**Stored items**
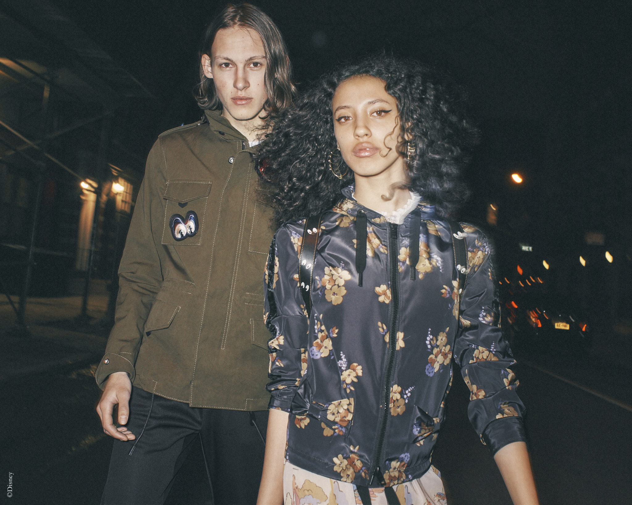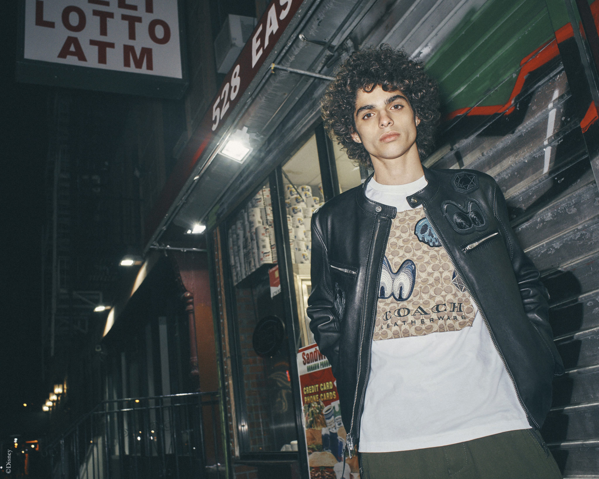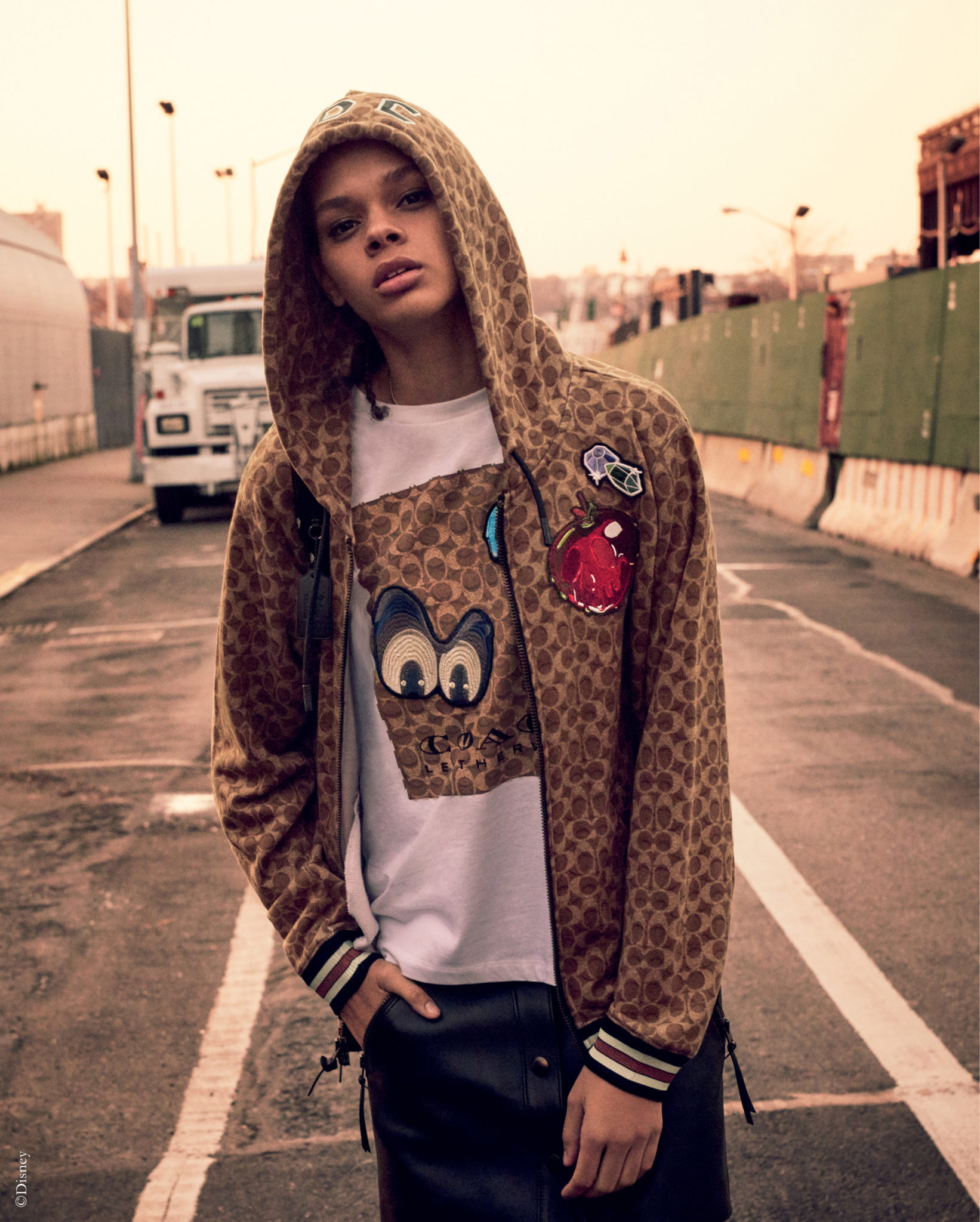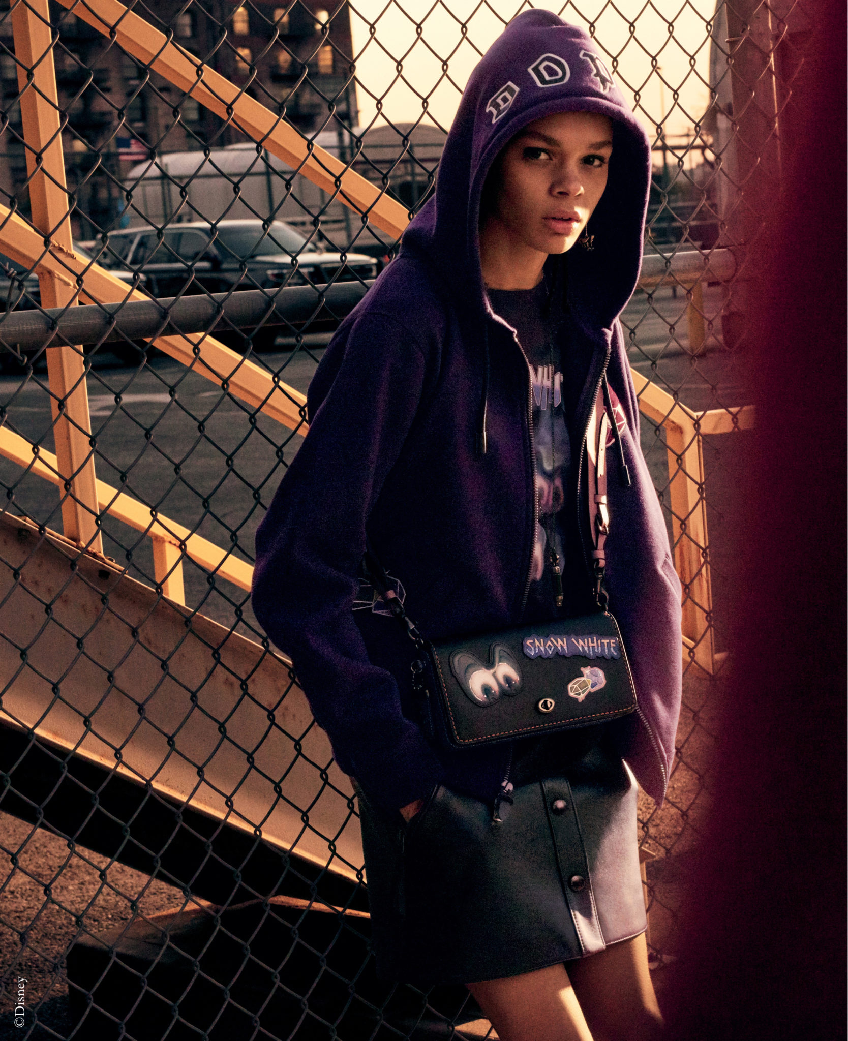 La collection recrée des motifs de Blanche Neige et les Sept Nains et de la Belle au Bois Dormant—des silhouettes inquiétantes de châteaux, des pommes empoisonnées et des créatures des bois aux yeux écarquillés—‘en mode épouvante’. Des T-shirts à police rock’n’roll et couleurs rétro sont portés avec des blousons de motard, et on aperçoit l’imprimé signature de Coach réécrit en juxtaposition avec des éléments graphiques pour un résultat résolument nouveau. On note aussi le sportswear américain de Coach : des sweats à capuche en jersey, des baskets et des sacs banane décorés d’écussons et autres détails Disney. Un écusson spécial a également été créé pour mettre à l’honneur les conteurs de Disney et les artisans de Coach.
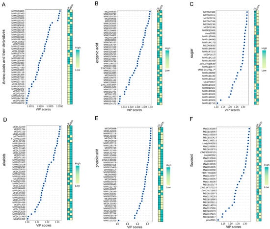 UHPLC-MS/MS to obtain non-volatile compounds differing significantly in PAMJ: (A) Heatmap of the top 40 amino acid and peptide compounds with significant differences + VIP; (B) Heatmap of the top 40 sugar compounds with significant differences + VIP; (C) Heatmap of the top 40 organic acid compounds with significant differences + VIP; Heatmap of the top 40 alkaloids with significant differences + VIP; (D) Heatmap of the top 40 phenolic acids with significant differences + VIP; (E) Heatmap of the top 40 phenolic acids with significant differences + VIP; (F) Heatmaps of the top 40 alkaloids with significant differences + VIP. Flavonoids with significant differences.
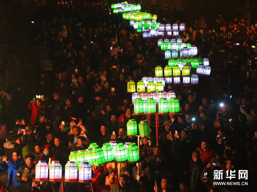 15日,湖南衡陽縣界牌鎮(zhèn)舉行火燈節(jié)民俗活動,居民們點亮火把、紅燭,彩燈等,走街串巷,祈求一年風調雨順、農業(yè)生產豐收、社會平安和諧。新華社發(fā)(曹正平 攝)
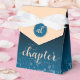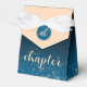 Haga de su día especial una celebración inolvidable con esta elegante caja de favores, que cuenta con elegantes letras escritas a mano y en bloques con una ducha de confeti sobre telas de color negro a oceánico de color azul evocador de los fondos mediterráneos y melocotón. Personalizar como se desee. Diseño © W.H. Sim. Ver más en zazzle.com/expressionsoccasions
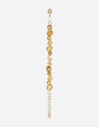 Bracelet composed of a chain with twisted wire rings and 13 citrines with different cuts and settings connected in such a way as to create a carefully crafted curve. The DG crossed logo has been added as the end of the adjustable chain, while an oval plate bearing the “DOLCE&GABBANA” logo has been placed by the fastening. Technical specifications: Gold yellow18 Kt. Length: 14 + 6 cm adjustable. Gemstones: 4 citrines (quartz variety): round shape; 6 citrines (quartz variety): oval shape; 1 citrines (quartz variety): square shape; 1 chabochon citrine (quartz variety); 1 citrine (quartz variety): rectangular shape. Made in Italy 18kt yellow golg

**PROMPT**
Images stay out; the entries above are to be printed exactly.

**TASK ANSWER**
 La collection recrée des motifs de Blanche Neige et les Sept Nains et de la Belle au Bois Dormant—des silhouettes inquiétantes de châteaux, des pommes empoisonnées et des créatures des bois aux yeux écarquillés—‘en mode épouvante’. Des T-shirts à police rock’n’roll et couleurs rétro sont portés avec des blousons de motard, et on aperçoit l’imprimé signature de Coach réécrit en juxtaposition avec des éléments graphiques pour un résultat résolument nouveau. On note aussi le sportswear américain de Coach : des sweats à capuche en jersey, des baskets et des sacs banane décorés d’écussons et autres détails Disney. Un écusson spécial a également été créé pour mettre à l’honneur les conteurs de Disney et les artisans de Coach.
 UHPLC-MS/MS to obtain non-volatile compounds differing significantly in PAMJ: (A) Heatmap of the top 40 amino acid and peptide compounds with significant differences + VIP; (B) Heatmap of the top 40 sugar compounds with significant differences + VIP; (C) Heatmap of the top 40 organic acid compounds with significant differences + VIP; Heatmap of the top 40 alkaloids with significant differences + VIP; (D) Heatmap of the top 40 phenolic acids with significant differences + VIP; (E) Heatmap of the top 40 phenolic acids with significant differences + VIP; (F) Heatmaps of the top 40 alkaloids with significant differences + VIP. Flavonoids with significant differences.
 15日,湖南衡陽縣界牌鎮(zhèn)舉行火燈節(jié)民俗活動,居民們點亮火把、紅燭,彩燈等,走街串巷,祈求一年風調雨順、農業(yè)生產豐收、社會平安和諧。新華社發(fā)(曹正平 攝)
 Haga de su día especial una celebración inolvidable con esta elegante caja de favores, que cuenta con elegantes letras escritas a mano y en bloques con una ducha de confeti sobre telas de color negro a oceánico de color azul evocador de los fondos mediterráneos y melocotón. Personalizar como se desee. Diseño © W.H. Sim. Ver más en zazzle.com/expressionsoccasions
 Bracelet composed of a chain with twisted wire rings and 13 citrines with different cuts and settings connected in such a way as to create a carefully crafted curve. The DG crossed logo has been added as the end of the adjustable chain, while an oval plate bearing the “DOLCE&GABBANA” logo has been placed by the fastening. Technical specifications: Gold yellow18 Kt. Length: 14 + 6 cm adjustable. Gemstones: 4 citrines (quartz variety): round shape; 6 citrines (quartz variety): oval shape; 1 citrines (quartz variety): square shape; 1 chabochon citrine (quartz variety); 1 citrine (quartz variety): rectangular shape. Made in Italy 18kt yellow golg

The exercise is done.